The Government of India, through a press release dated July 16, 2015, has introduced composite caps for simplification of FDI policy. These changes were alluded to by the finance minister during the presentation of the union budget in February 2015. Consequent to the change, foreign investors can invest in Indian companies till the applicable sectoral cap, irrespective of whether the investments are made by an FDI entity or by an FPI or an NRI, QFI, LLPs or through depository receipts, unless provided otherwise. However, the last three words of the previous sentence have created tremendous confusion, with experts claiming that the press release does not introduce any change at all. For instance, the composite sectoral cap for foreign investment in the defence sector has been limited to 49% within which, there is a maximum sub-limit of 24% for portfolio investments by FPI/FIIs/NRIs/QFIs/FVCIs under the automatic route. Such sub-limits have also been prescribed for the banking sector, commodity exchanges, infrastructure companies in securities markets, etc. and if one were to take a conservative view of the press release, existing position is maintained in the aforementioned sectors. However, in sectors having no sub-limits, portfolio investment upto 49% is allowed, without any requirement of seeking government approval or compliance with sectoral conditions, if such investment does not result in transfer of ownership and/or control to non-resident entities. This would benefit sectors like pharmaceuticals and multi-brand retail where FDI investors need to comply with stringent conditions.

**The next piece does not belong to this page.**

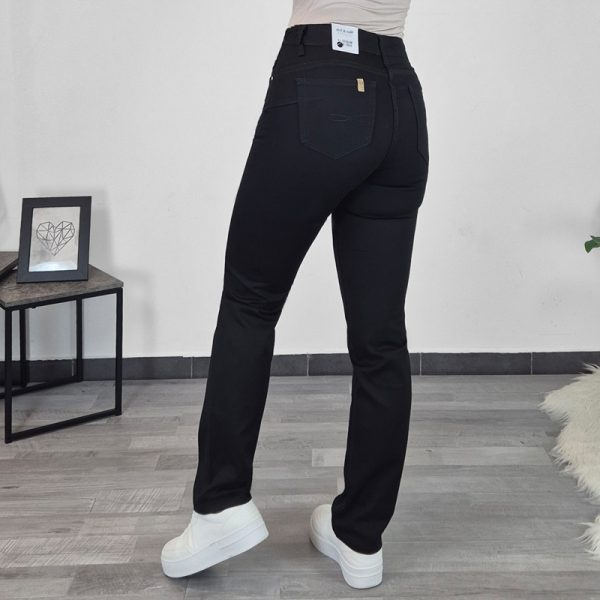 Moderne ženske hlače Iris u crnoj boji. Hlače imaju viši elastični pojas i dva bočna džepa. U struku je dodan ukrasni platneni remen. Nogavice su duge i široke. Hlače su izrađene od visokokvalitetnog pamuka i udobne su za nošenje. Dostupne su od 34 do 48.

The press release also clarifies that FCCBs and DRs having underlying instruments, being in the nature of debt, issued under Schedule 5 of FEMA 20, shall not be treated as foreign investment. Earlier, FCCB holdings were also considered for calculating total foreign investment in the company. However, FCCBs will now be counted towards calculating foreign investment only at the time of their conversion into equity, not at the time of issuance of FCCBs.  This will give companies more headroom for attracting foreign investment.